I will spare the reader the details of his argument. This piece is an essay, not a novel. In addition, the dissection of legal support for presidential criminal prosecution is a subject for a law school class. However, I will list the section headings to give the reader an understanding of the structure of Smith’s argument. (For the full text click HERE [pages 8- 40].)
Smith starts with the position that an ex-president has no criminal immunity.
I. A FORMER PRESIDENT LACKS IMMUNITY FROM FEDERAL CRIMINAL PROSECUTION FOR OFFICIAL ACTS DURING HIS PRESIDENCY
A. A Claim Of Absolute Criminal Immunity For A FormerPresident’s Official Acts Violates Established Separation-Of-Powers Principles
B. History Supports The Conclusion That Former Presidents Are Subject To Prosecution For Official Acts
C. Criminal Immunity For A Former President Enjoys No Support From Fitzgerald’s Recognition Of Civil Immunity
D. Federal Criminal Law Applies To The President
E. The Impeachment Judgment Clause Does Not MakeSenate Conviction A Prerequisite To Criminal Prosecution Of A Former President
F. Petitioner’s Understanding Of Marbury And His Other Remaining Arguments Lack Merit
Smith then writes that if somehow SCOTUS decides that ex-Presidents had a get-out-of-jail-free card for some crimes, it does not apply in this case.

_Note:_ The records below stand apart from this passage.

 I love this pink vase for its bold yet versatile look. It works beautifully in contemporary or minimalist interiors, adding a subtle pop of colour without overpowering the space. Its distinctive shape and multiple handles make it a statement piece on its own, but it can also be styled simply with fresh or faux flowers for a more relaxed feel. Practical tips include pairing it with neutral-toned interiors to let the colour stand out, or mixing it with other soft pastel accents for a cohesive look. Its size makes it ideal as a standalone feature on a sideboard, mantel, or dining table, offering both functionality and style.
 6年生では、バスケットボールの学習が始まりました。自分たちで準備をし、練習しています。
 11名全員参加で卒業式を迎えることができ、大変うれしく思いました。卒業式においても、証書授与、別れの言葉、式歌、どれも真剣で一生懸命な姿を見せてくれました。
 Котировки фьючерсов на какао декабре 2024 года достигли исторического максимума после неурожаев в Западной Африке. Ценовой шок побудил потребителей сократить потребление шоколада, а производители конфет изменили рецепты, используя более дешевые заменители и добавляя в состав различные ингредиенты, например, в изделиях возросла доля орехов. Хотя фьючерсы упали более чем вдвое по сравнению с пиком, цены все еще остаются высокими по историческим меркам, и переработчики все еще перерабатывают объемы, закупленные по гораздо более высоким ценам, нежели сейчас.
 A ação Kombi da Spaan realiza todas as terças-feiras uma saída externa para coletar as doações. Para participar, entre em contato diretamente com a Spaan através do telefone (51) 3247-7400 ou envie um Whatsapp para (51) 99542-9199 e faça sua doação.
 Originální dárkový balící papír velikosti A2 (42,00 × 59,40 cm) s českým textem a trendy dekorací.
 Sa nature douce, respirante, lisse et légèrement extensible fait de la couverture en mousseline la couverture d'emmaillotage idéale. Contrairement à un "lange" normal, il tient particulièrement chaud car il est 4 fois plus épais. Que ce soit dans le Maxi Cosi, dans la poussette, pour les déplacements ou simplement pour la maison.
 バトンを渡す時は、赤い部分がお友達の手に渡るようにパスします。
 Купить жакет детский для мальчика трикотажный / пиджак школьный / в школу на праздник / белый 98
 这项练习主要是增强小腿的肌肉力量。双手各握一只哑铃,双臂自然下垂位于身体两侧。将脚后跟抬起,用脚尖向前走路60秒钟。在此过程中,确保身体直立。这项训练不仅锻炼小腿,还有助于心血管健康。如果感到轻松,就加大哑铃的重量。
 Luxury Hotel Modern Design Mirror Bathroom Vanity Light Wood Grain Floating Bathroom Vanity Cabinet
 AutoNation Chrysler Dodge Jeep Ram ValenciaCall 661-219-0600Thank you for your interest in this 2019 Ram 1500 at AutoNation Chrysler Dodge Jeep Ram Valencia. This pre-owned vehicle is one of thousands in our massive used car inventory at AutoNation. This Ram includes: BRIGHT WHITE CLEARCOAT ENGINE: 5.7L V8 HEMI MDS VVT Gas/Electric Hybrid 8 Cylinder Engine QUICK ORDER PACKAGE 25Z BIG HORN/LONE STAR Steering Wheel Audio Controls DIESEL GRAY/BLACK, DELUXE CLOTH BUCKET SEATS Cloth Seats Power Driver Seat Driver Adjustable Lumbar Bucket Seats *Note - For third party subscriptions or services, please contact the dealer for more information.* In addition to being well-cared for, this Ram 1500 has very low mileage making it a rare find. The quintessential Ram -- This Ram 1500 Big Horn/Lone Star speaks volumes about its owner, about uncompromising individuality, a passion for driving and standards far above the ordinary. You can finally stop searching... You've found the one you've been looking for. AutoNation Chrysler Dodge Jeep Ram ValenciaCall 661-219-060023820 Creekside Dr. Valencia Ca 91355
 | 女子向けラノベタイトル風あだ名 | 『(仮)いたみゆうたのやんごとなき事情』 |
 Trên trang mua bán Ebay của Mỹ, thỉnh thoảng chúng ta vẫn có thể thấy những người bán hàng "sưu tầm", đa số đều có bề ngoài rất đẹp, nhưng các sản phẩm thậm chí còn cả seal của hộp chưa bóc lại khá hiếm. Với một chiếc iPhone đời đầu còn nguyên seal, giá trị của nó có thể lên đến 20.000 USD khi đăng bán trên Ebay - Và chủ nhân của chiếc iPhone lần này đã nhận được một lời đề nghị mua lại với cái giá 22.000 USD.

II. EVEN IF A FORMER PRESIDENT HAS SOME IMMUNITY FROM FEDERAL CRIMINAL PROSECUTION FOR OFFICIAL ACTS, THIS PROSECUTION SHOULD PROCEED
A. No Form Of Official Immunity Should Preclude Trial On The Indictment In This Case
B. Any Remand Should Permit The District Court To Make Evidentiary And Instructional Rulings At Trial
Smith ends with his ask — telling SCOTUS to sign off on the Appeals Court’s decision that the law does not protect a rogue American president from answering for his crimes in an American Court.
He finishes by telling (respectfully) SCOTUS not to stall and issue their ruling ASAP. He helpfully refers to the 1974 Supreme Court decision denying a President was above the criminal law.
Today’s Court will be well aware that in the Nixon case, SCOTUS issued their decision 16 days after oral arguments — even though they did not have the precedent that the Nixon decision gave this court. Note: May 13 is the first business day 16 days after April 25 — the day of oral arguments.
Today’s Court will also know that in 1974, Justice Rehnquist recused himself because he was closely associated with several Watergate conspirators. Not that Thomas gives a shit.
CONCLUSION
The judgment of the court of appeals should be affirmed. Consistent with the Court’s expedited treatment of this case, the government respectfully requests that the Court issue the opinion and a certified copy of the judgment forthwith. Cf. Nixon, 418 U.S. at 716.